I loaded Little Guinness with Fuji Acros 100 for the EAA Fly-in. I thought it's famous lack of reciprocity failure might result in reasonable exposure times inside the vendor hangars. Turns out one minute is as bad as five in a crowded aisle with lots of moving aviators.
The camera was in my pocket quite a bit for the summer and fall, usually while I was using another, medium format camera, and the film remained unexposed.
Finally, I resorted to an old game, taking pictures of whatever fell in the path of the sunbeams in our house. I would swear I was just going to finish the roll and then after five or so exposures, it would again sit idle for weeks.
The unusual northern sunbeams, which are reflections off the neighbor's window, fall on the bouquet on the dining room table.
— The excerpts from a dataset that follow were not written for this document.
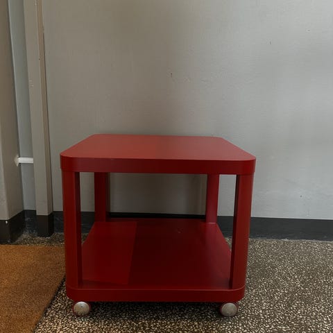 IKEA barnesett med bord og stol med Disney Cars-motiv. Settet består av et lite barnebord og en matchende stol, begge med trykk av figurer fra filmen Cars på sitteflate og bordplate. Møblene er laget i trebasert materiale med malte flater og trykket dekor. Egnet som aktivitetsbord for barn til lek, tegning og andre bordaktiviteter på barnerom eller lekerom.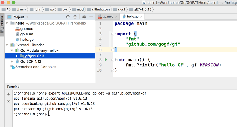 使用 go.mod 意即用 go.mod 进行项目依赖管理。我们有两种 go.mod使用方式IDE-vgo命令行 方式。以下我们通过下载使用 GoFrame 框架来演示如何使用这两种方式来管理依赖。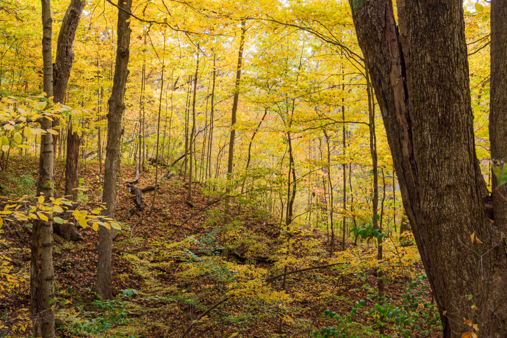 This land is part of the Cedar Creek Corridor, the largest forested corridor remaining in the county. Carved by glaciers, the area’s topography defies what is typical in this region known for its flat farmland. Steep ravines cut through the forest, and much of Cedar Creek flows through a canyon that averages 82 feet in depth.

The sunbeams often fall in the middle of the carpet, so things need to be put there to take advantage of that. The bronze raven normally keeps watch from under the television.
Makeup always comes in such nice packaging.
Bubble bath too.
The animalmorphic lens atop a jar of cotton.
Beauty tools.
I've never thought to put the camera on the philodendron's shelf before.
Except for the meteorite I got for my birthday, probably the oldest thing in the house - an ammonite fossil from the Cretaceous.
A sunbeam falls on the door to the sunroom casting the shadow of the chair's arm.
The bronze raven atop the small glass table.
A folded throw atop Sarah's footstool.
Real pumpkins still under the kitchen table.
The red/cyan glasses I'm wearing in the blog profile picture, which I keep next to the couch in case NASA, ESA or
René Vonk post something I need to look at.
The Apple TV remote in it's easy-to-find white non-slip rubber case.
The bottom of the sunroom door.
A birthday bouquet.
The metalwork under the kitchen table.
In order to complete
the front portico restoration, I painted the storm door in the basement, illuminated by my hat mounted LED's to make it easier to see what I'm doing.
From the other direction. It took a long time and then the shutter accidentally remained open for another four hours. It must have gotten bumped at some point.
Little Guinness has a .17mm hand-drilled pinhole 24mm from a 24x36mm frame. The Acros 100 was semi-stand developed in Rodinal 1:100.